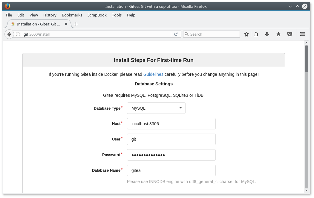 sudo apt install mariadb-serverThe database setup just needs two SQL statements for creating the database and granting the user git full access.
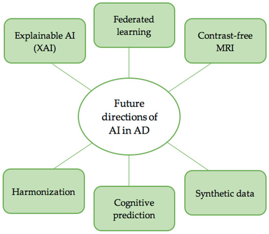 Emerging directions in AI for Alzheimer’s disease include explainable AI (XAI), contrast-free imaging, federated learning, harmonization, cognitive prediction, and the use of synthetic data via GANs, all of which aim to enhance clinical applicability, generalizability, and interpretability.
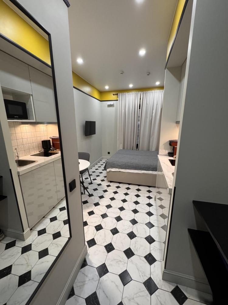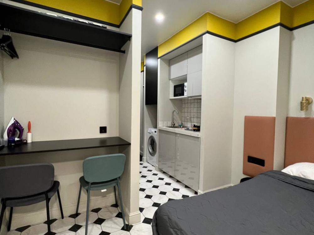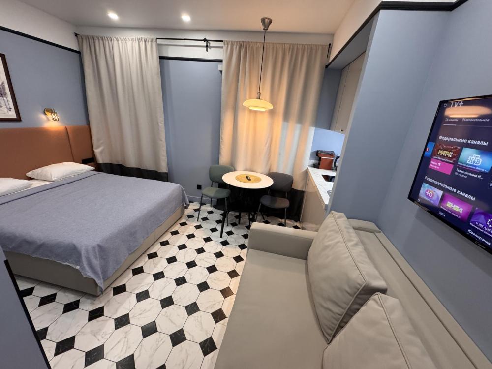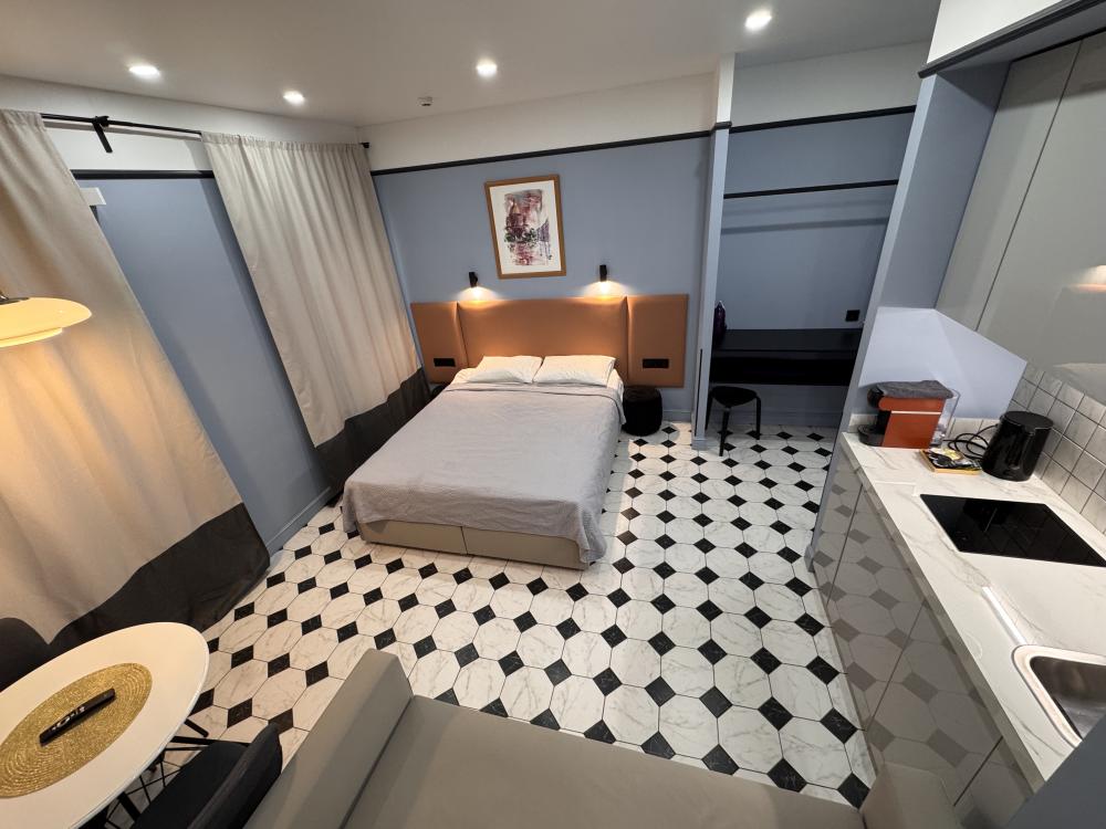 К услугам гостей бесплатный Wi-Fi В стильных апартаментах есть полностью оборудованная кухня: плита, холодильник, микроволновая печь, вытяжка, капсульная кофе машина, чайный набор, Smart TV
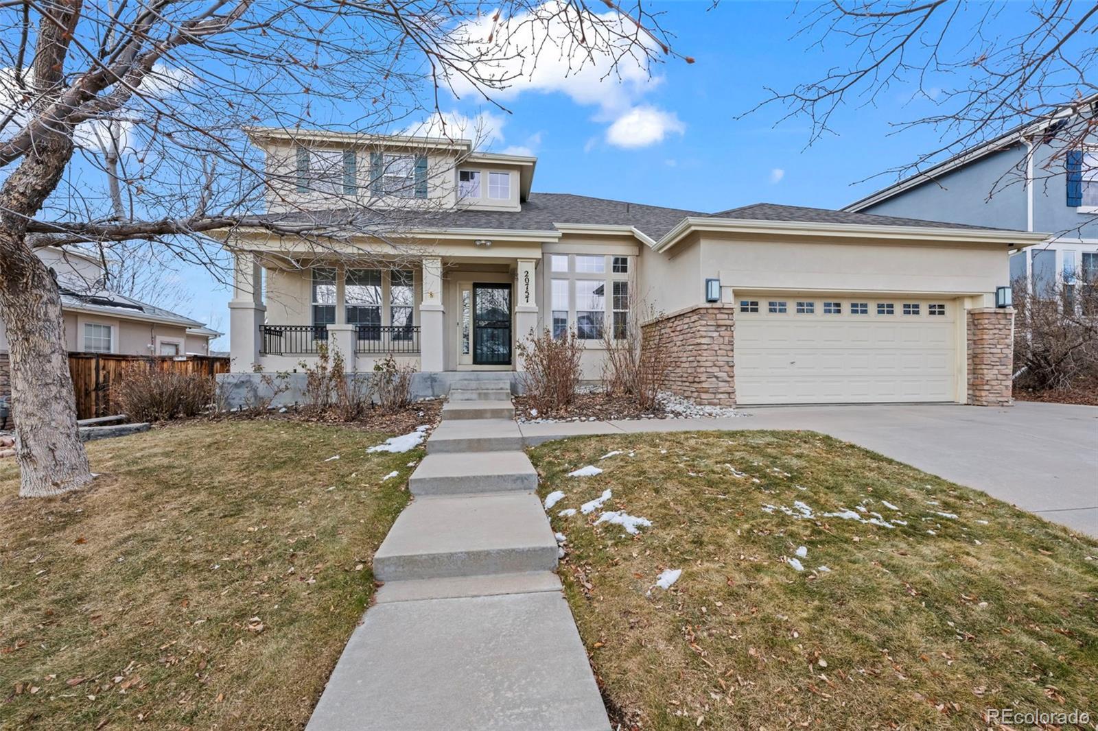 Designed for effortless living this open-concept home features a spacious main level primary suite and light filled gathering spaces. Nestled in the desirable Conservatory community this home is in an ideal location backing to greenbelt and walking trail. The home boasts lots of square footage as one of the largest models with space for everyone. Enjoy a welcoming entry and front office space. Sitting and dining areas with tons of natural light are also great for hosting gatherings. The great room with gas fireplace and large windows flows seamlessly to the bright kitchen with over-sized island, eating nook and pantry. The spacious primary suite is located on the main level and includes a large 5 piece bathroom and walk-in closet. There are three spacious bedrooms upstairs and full bathroom. The full size basement features tons of storage or is ready for your future finish. Convenient oversized 2.5 car garage and main floor laundry with mud sink. Recent updates/upgrades you are sure to appreciate including newer roof, furnace, water heater and assumable leased solar panels. Enjoy spring afternoons from your covered back patio facing green belt and walking path. This Community offers several pocket parks, trails for hiking or biking, and a community pool! Schedule your private showing today!
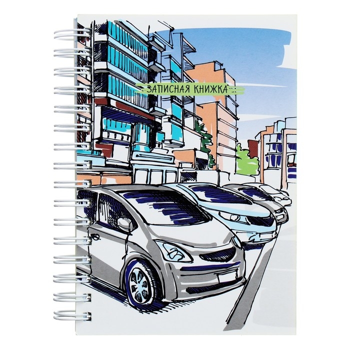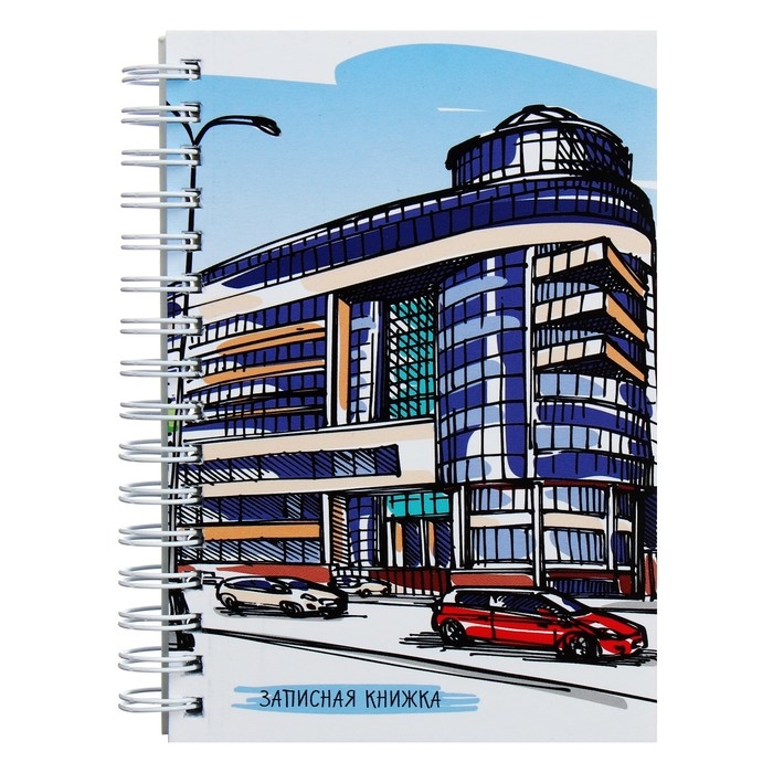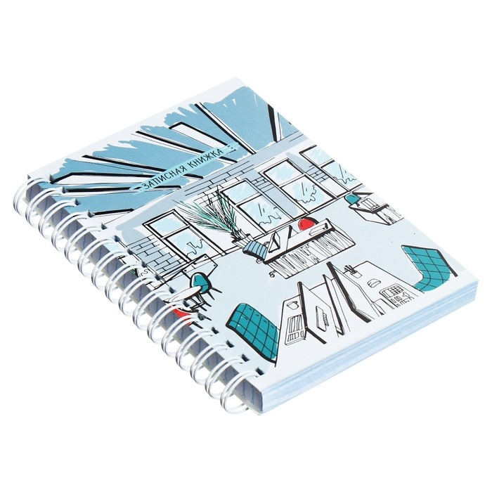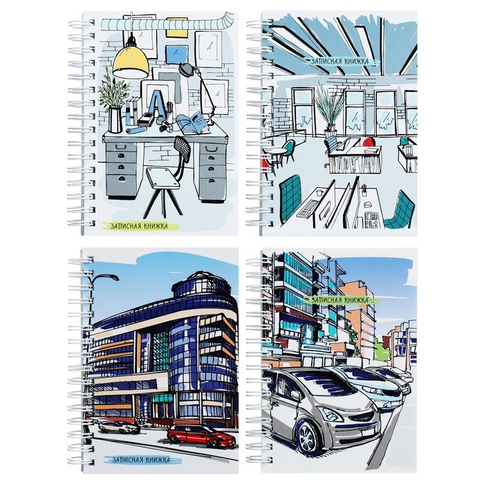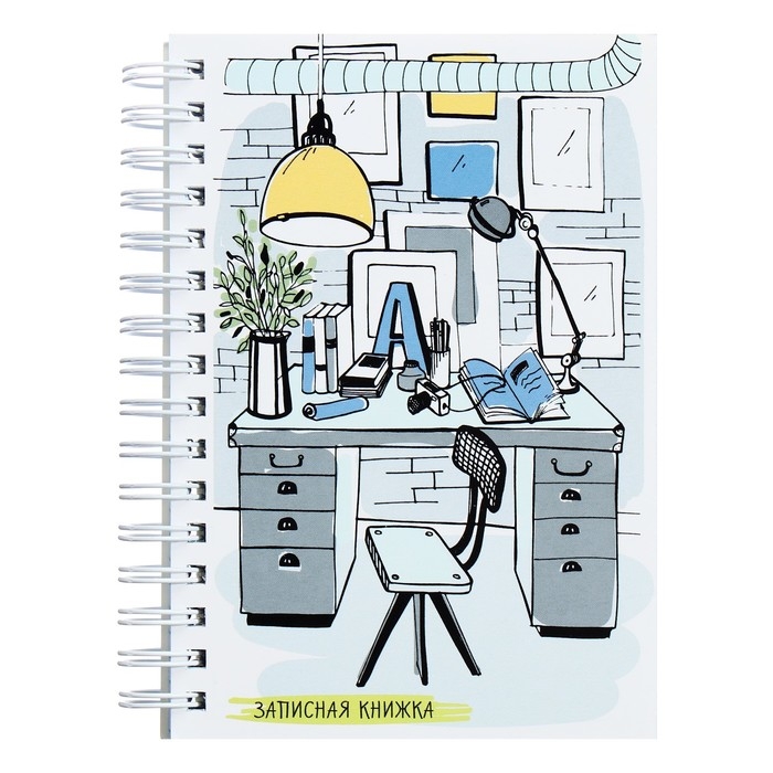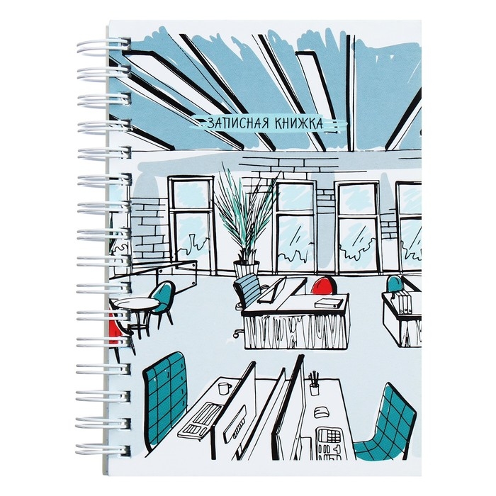 Записная книжка А6, 120 листов в клетку на гребне "Новый офис", обложка мелованный картон, МИКС
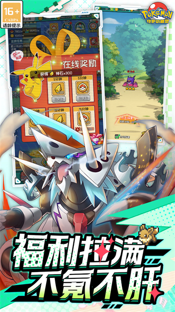 回合制限四招对战玩法,精灵mega进化、极巨化、神兽融合、限时狩猎等创新玩法。
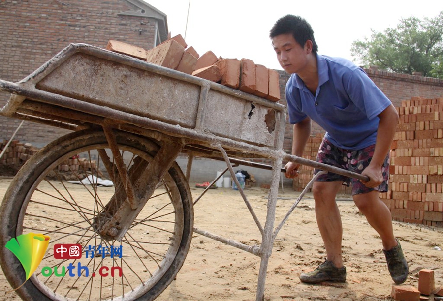 【河北沧县:贫困生连续4年建筑队干体力活赚学费】2010年7月23日,河北沧州,张恒在建筑工地搬运砖块。河北省沧县杜林乡张家营村的20岁的张恒今年高考取得了592分的成绩,被河海大学录取。因家贫他来到村里一个小建筑队当小工,这已是他连续4年靠干繁重的体力活赚取部分学费。

:::::

#### What is expected
Could you copy all of the entries above exactly, without the pictures?

#### Response below
 sudo apt install mariadb-serverThe database setup just needs two SQL statements for creating the database and granting the user git full access.
 Emerging directions in AI for Alzheimer’s disease include explainable AI (XAI), contrast-free imaging, federated learning, harmonization, cognitive prediction, and the use of synthetic data via GANs, all of which aim to enhance clinical applicability, generalizability, and interpretability.
 К услугам гостей бесплатный Wi-Fi В стильных апартаментах есть полностью оборудованная кухня: плита, холодильник, микроволновая печь, вытяжка, капсульная кофе машина, чайный набор, Smart TV
 Designed for effortless living this open-concept home features a spacious main level primary suite and light filled gathering spaces. Nestled in the desirable Conservatory community this home is in an ideal location backing to greenbelt and walking trail. The home boasts lots of square footage as one of the largest models with space for everyone. Enjoy a welcoming entry and front office space. Sitting and dining areas with tons of natural light are also great for hosting gatherings. The great room with gas fireplace and large windows flows seamlessly to the bright kitchen with over-sized island, eating nook and pantry. The spacious primary suite is located on the main level and includes a large 5 piece bathroom and walk-in closet. There are three spacious bedrooms upstairs and full bathroom. The full size basement features tons of storage or is ready for your future finish. Convenient oversized 2.5 car garage and main floor laundry with mud sink. Recent updates/upgrades you are sure to appreciate including newer roof, furnace, water heater and assumable leased solar panels. Enjoy spring afternoons from your covered back patio facing green belt and walking path. This Community offers several pocket parks, trails for hiking or biking, and a community pool! Schedule your private showing today!
 Записная книжка А6, 120 листов в клетку на гребне "Новый офис", обложка мелованный картон, МИКС
 回合制限四招对战玩法,精灵mega进化、极巨化、神兽融合、限时狩猎等创新玩法。
 【河北沧县:贫困生连续4年建筑队干体力活赚学费】2010年7月23日,河北沧州,张恒在建筑工地搬运砖块。河北省沧县杜林乡张家营村的20岁的张恒今年高考取得了592分的成绩,被河海大学录取。因家贫他来到村里一个小建筑队当小工,这已是他连续4年靠干繁重的体力活赚取部分学费。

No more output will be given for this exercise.